State Sen. Paul Sarlo, D-Bergen, chairman of the Senate Budget Committee, told a hearing Thursday that the committee was not “aware or informed of the potential increase in health care costs health”.
And the Legislative Services Office, a branch of the legislature that carefully monitors budgets, took note of the potential increase in public servants as soon as the budget was first proposed. The administration did not respond to questions from the OLS about the significant increase, according to a May report.
“Over the past two months, the Executive has not responded to repeated requests for additional information, nor made any report or public statement, on the causes of the increase in claims, particularly for active employees. state and higher education institutions,” OLS said in a budget analysis published in May.
The increase was most pronounced in health benefit costs for active state employees, which rose more than 20% from a year earlier to about $1.7 billion, according to the report. ‘OLS.
Shortly after rate increases were approved in September, Murphy reached a deal with state employees that will limit their dues increase to 3%, shifting the lion’s share of that burden to New York taxpayers. Jersey.
So far, this agreement has not been extended to local governments and is expected to benefit a small portion – less than 100,000 – of the more than 800,000 public sector employees covered by New Jersey’s health benefit program.
As part of the compromise, the state employee co-pay for specialists will double from $15 to $30 and the co-pay for emergency care will increase from $15 to $45.
At a news conference last week, New Jersey Counties Association executive director John Donnadio said higher co-payments would save “maybe a percent or two.” .
“The vast reduction for state employees was because the state is now absorbing the cost,” Donnadio said.
The state Treasury Department hasn’t provided an estimate of what the deal will cost taxpayers, and it’s unclear whether a cost analysis has already been done before Murphy agrees to the deal. ‘OK.
Currie said any cost increases won’t affect state finances until fiscal year 2024, which begins next July, and the budget impact will “depend on the outcome of next spring’s contract negotiations” with unions. .
Local governments are still facing a 22.8% rate increase, which could lead to higher property taxes. Cities and counties participating in the state health benefit program have asked Murphy to provide immediate relief on par with the agreement with state employees.
Over the past four months, Murphy has repeatedly said rate increases are largely stereotypical and a problem facing states across the country, but federal data and estimates on employee-sponsored plans for 2023 paint a different picture.

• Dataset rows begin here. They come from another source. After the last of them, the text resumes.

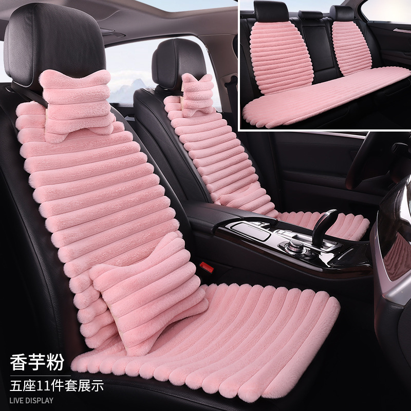 冬季横格毛绒七件套整车皮毛一体保暖毛垫加厚通用汽车坐座垫
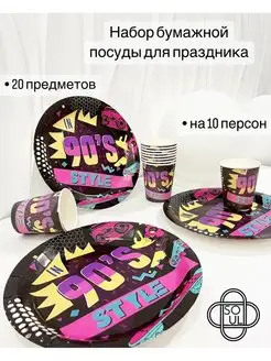 Набор одноразовой посуды для праздника "В стиле 90-х"
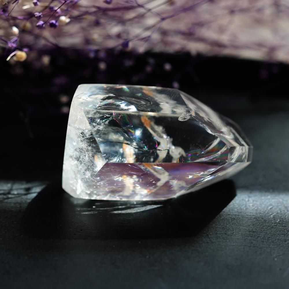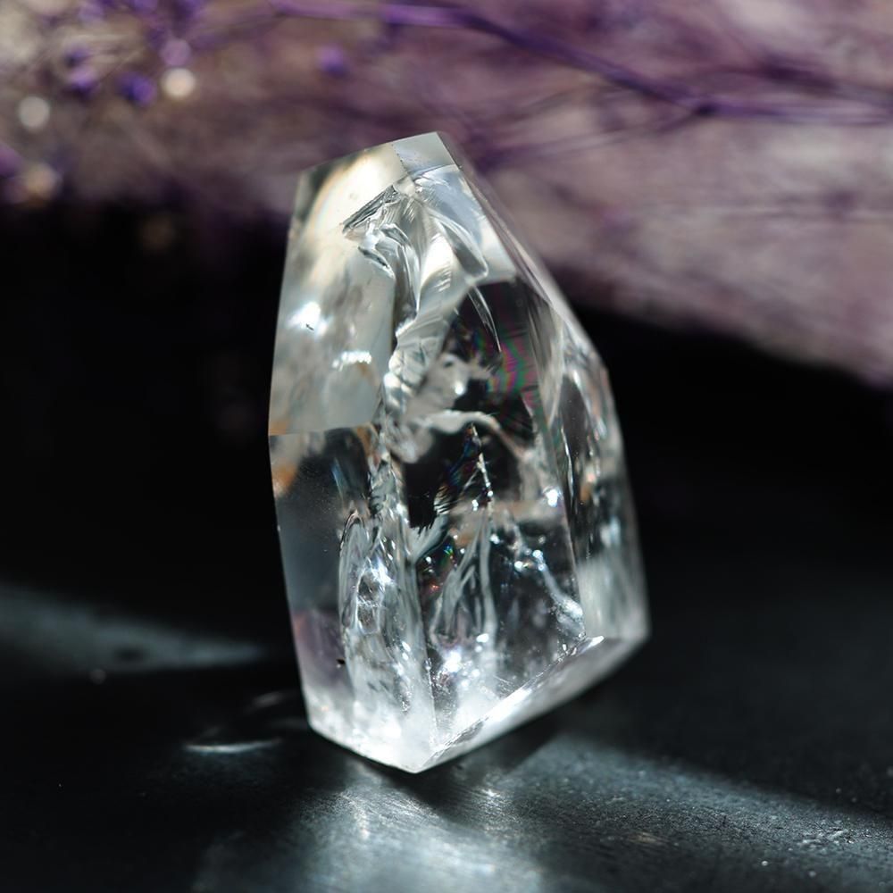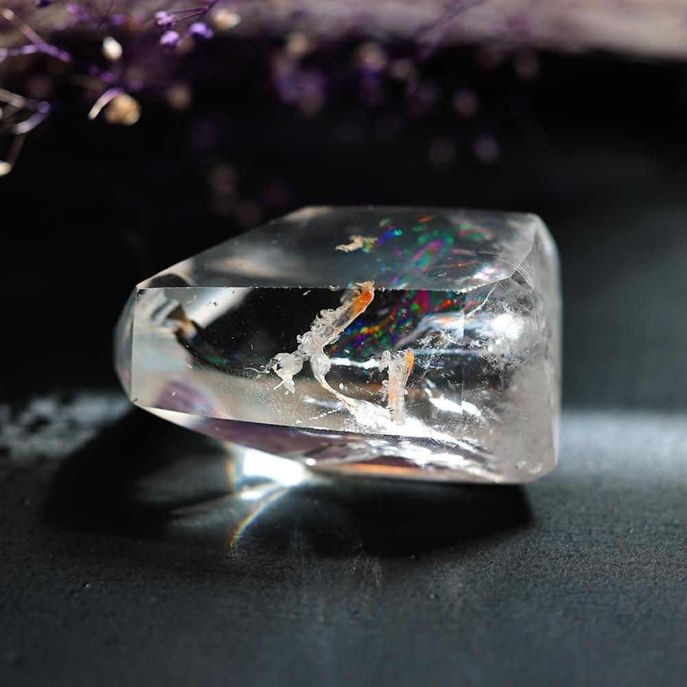 内部のクラックにより、光が当たると綺麗な虹が見られます。
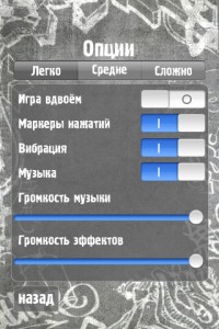 Есть три уровня сложности: легкий, когда задействовано 3 пальца, нормальный — 4 и сложный — когда используются все 5 пальцев. Для удобства игры на сложном уровне можно использовать пальцы обеих рук. Ну, или же всех четырех. Да, в игре есть режим игры вдвоем, который явно придется по вкусу владельцам iPad.

A post-pandemic surge in demand for health services and record inflation are the two main forces behind the massive increases, according to Aon, the risk management firm the Murphy administration hired to carry out the analysis of this year’s rates.
But in a independent report published in August, the same company said the average costs for U.S. employers paying for employee health benefits will increase by 6.5%. That’s more than double the 3% increase U.S. employers saw from 2021 to 2022, Aon said in its report, but significantly below inflation.
“In stark contrast over the past few decades, we measure that health care budgets for U.S. employers will be nearly three times lower than the Consumer Price Index this calendar year,” Debbie Ashford, chief actuary of the health solutions for North America at Aon, said in a statement announcing the company’s findings.
Health care premiums for federal employees and retirees will increase 8.7% average in 2023, according to the US Office of Personnel Management.
Premium increases for public worker health benefits in New Jersey are more than twice the rate of inflation and, in some cases, three times the increases seen in other states.